Насилие воспринимается частично в качестве заменителя, суррогата позитивного эмоционального отношения в ситуации хронической депривации любви. Некоторые жертвы инцеста для поддержания психического равновесия стараются поддерживать систему отношений с агрессором родителем в последующем возрастном периоде. Совершая самоповреждения, они не только
«воссоздают детскую драму, но одновременно контролируют ее исход, встречаясь с болью в безопасных измеряемых дозах» (Strong,
1998).
В процессе самоповреждения лица с СПП разыгрывают целые сценарии, последовательно выступая в роли жертвы, преследователя агрессора и спасателя, становясь человеком, осуществляющим заботу, лечащим полученные раны. Достигаемое при этом состояние особого психологического комфорта ассоциируется с представлением о том, что никто другой не в состоянии нанести им те повреждения, которые они могут нанести себе сами.

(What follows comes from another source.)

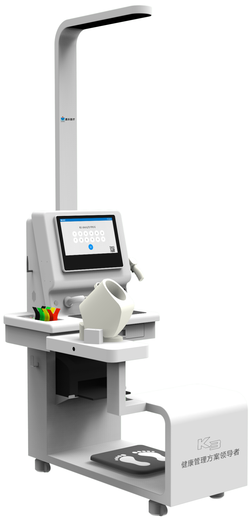 檢測功能:身高、體重、BMI、體溫、人體脂肪成分(脂肪含量、基礎代謝、水分含量、體脂肪量、體水分量、體型判斷等)、血壓、脈率、血氧、心電(6-12導)、腰圍、臀圍、腰臀比、血糖、尿酸、膽固醇、、中醫體質辨識檢測。支持拓展:血脂四項、骨密度、尿液分析、肺功能、心血管、中醫體質辨識…產品特點:一體化設計、安裝維護理簡單,安裝移動輪,移動方便;多種身份識別:二代身份證(IC卡)、手機、微信掃碼、指紋、人

Паттерн симптомов самоповреждения передает в зашифрованном виде историю отношений ребенка с родителями и другими членами семьи, историю того, как ребенок обучался взаимодействиям с окружающим миром и самим собой.
Самоповреждение служит для ребенка средством выживания, несмотря на опасность и вред, заключающиеся в нем.
Функциональное значение СПП разнообразно. Каким-то странным образом оно, с одной стороны, позволяет дистанцироваться от других людей, а, с другой, – помогает избавляться от чувства непереносимого одиночества, напряжения, ярости или скорби. Самоповреждение является криком о помощи,
139

призывом к защите, которой индивидуум был лишен в детском возрасте.
Favazza (1996) подчеркивал, что самоповреждения обладают определенным исцеляющим эффектом. Автор писал: “Человек, наносящий себе порезы, в действительности совершает примитивный акт само-хирургии, завершенный ощутимым свидетельством выздоровления”.
Предположение о том, что феномен СПП является проявлением мазохизма, обусловленным желанием получить удовольствие от ощущения физической боли, не подтверждается. Факты конкретных наблюдений противоречат правильности такого утверждения. На это указывает Levenkron (2000), приводя в качестве наиболее типичного следующее описание пациентки с СПП: “То, что я чувствовала, не являлось болью. Это было похоже на инъекцию новокаина в кресле у стоматолога. В процессе совершения самоповреждения боль уходила.
И поскольку я контролировала боль, страха не было. Так что, возможно, это была не реальная боль. Когда я закончила порез, углубившись на дюйм, кровь стекала по моему предплечью вниз по направлению к свернутому бумажному полотенцу. Поток был темно красным и плотным, но я хотела видеть больше. Я наклонила руку, и поток превратился в три ручейка. Этого мне было достаточно. Страх и ужас рассеялись. Я подставила руку под холодную воду и использовала перекись водорода для остановки кровотечения. Потом наложила марлевую повязку с адгезивной лентой, вернулась в постель и заснула. Когда я проснулась, мне потребовалось два часа, чтобы вспомнить все детали, несмотря на то, что я знала, что сделала”.
Индивидуумы, совершающие акты самоповреждения, часто входят в состояние транса, изменяющее их восприятие себя и
140
окружающей реальности. В некоторых случаях у них появляются смутные воспоминания детского периода, когда ощущение боли как- то ассоциировалось с фантазиями о домашнем уюте, с чувством необычного успокоения и комфорта.
По-видимому, здесь имеет место актуализация психологического механизма, известного как стремление к повторению привычных переживаний прошлого, несмотря на то, что последние были эмоционально ранящими. Аттачмент к переживаниям прошлого бывает очень сильным, определяя стремление к повторяющимся актам самоповреждения.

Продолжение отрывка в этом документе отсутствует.